2. The mechanical seal structure for the aviation oil-cooled generator according to claim 1, characterized in that: and a lubricating oil recovery oil path is arranged in the end cover assembly (3) and/or the shell assembly (4) and is used for returning lubricating oil after the dynamic seal matching surface (8) is washed and cooled.

3. The mechanical seal structure for the aviation oil-cooled generator according to claim 2, characterized in that: the shell component (4) is in static sealing fit with the end cover component (3) through an O-shaped sealing ring (5), and the end cover component (3) is in static sealing fit with the static ring component (2) through an O-shaped sealing ring (7) and a sealing gasket (6).
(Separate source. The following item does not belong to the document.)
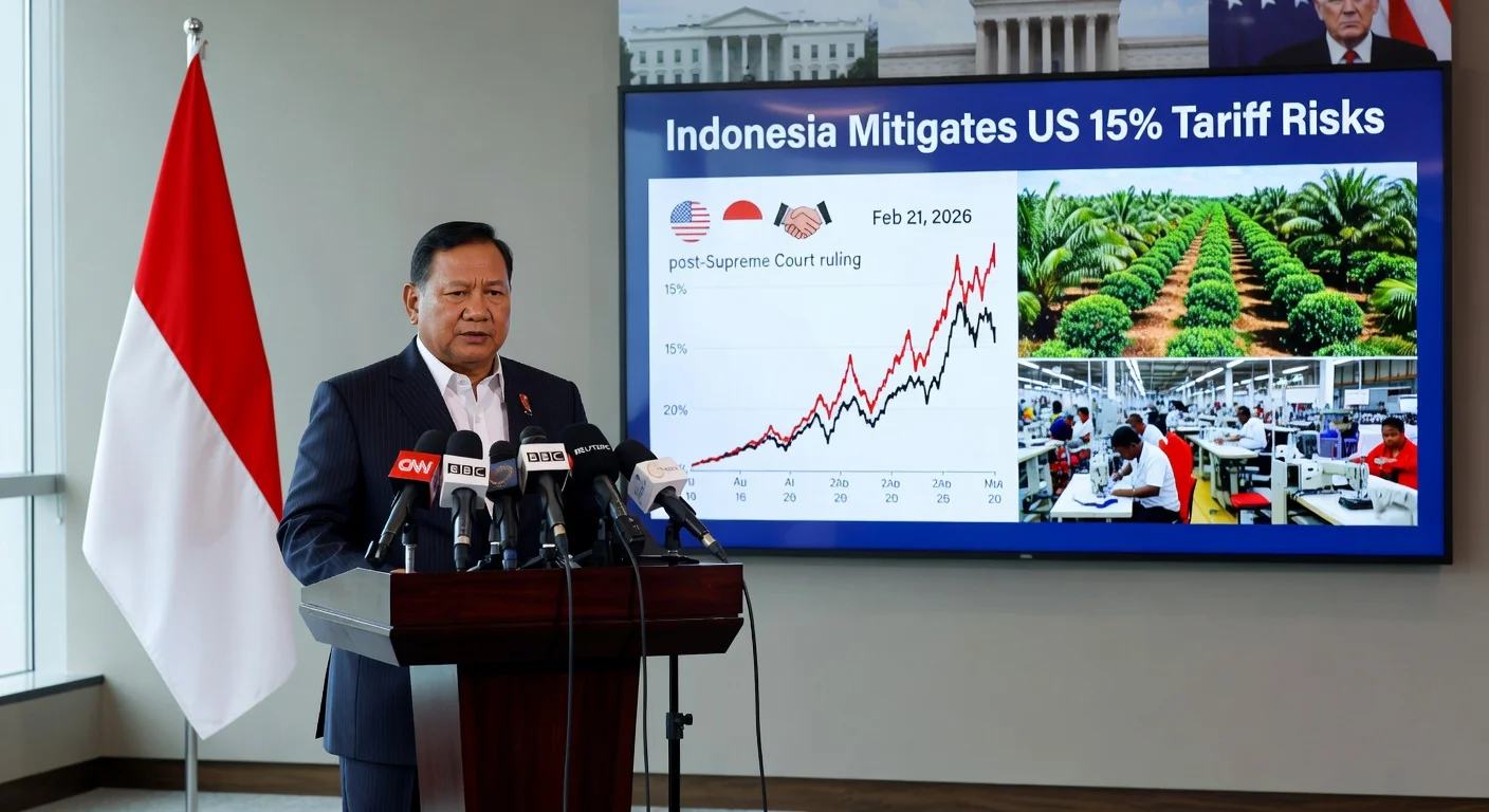 Indonesian President Prabowo Subianto expressed readiness to mitigate risks from US President Donald Trump's hike of global import tariffs to 15%, announced February 21, 2026, one day after a Supreme Court ruling invalidated prior tariffs. Officials affirmed that bilateral trade negotiations continue, highlighting zero-tariff deals for key Indonesian exports.

4. The mechanical seal structure for the aviation oil-cooled generator according to claim 2, characterized in that: the static ring assembly (2) comprises a wave spring (21), an O-shaped sealing ring (23), a graphite ring (24) and a supporting ring assembly (25); the supporting ring component (25) comprises a bracket (251), a key (252), an O-shaped sealing ring (253) and a supporting ring (254);

5. The mechanical seal structure for the aviation oil-cooled generator according to claim 4, characterized in that: when the dynamic seal matching surface (8) is abraded, the pretightening force of the wave spring (21) can enable the graphite ring (24) to perform compensation movement along the axial direction, and meanwhile, the O-shaped sealing ring (23) also performs compensation movement correspondingly.

6. The mechanical seal structure for the aviation oil-cooled generator according to claim 5, characterized in that: the edge of the outer ring of the U-shaped structure in the bracket (251) is provided with an inward closing-in to prevent the graphite ring (24) from separating from the U-shaped space.

7. The mechanical seal structure for the aviation oil-cooled generator according to claim 2, characterized in that: the static ring assembly (2) comprises a wave spring (21), an O-shaped sealing ring (23), a graphite ring (24), a supporting ring (25) and a clamping ring (26);

8. The mechanical seal structure for the aviation oil-cooled generator according to claim 7, characterized in that: when the dynamic seal matching surface (8) is abraded, the pretightening force of the wave spring (21) can enable the graphite ring (24) to perform compensation movement along the axial direction, and meanwhile, the O-shaped sealing ring (23) also performs compensation movement correspondingly.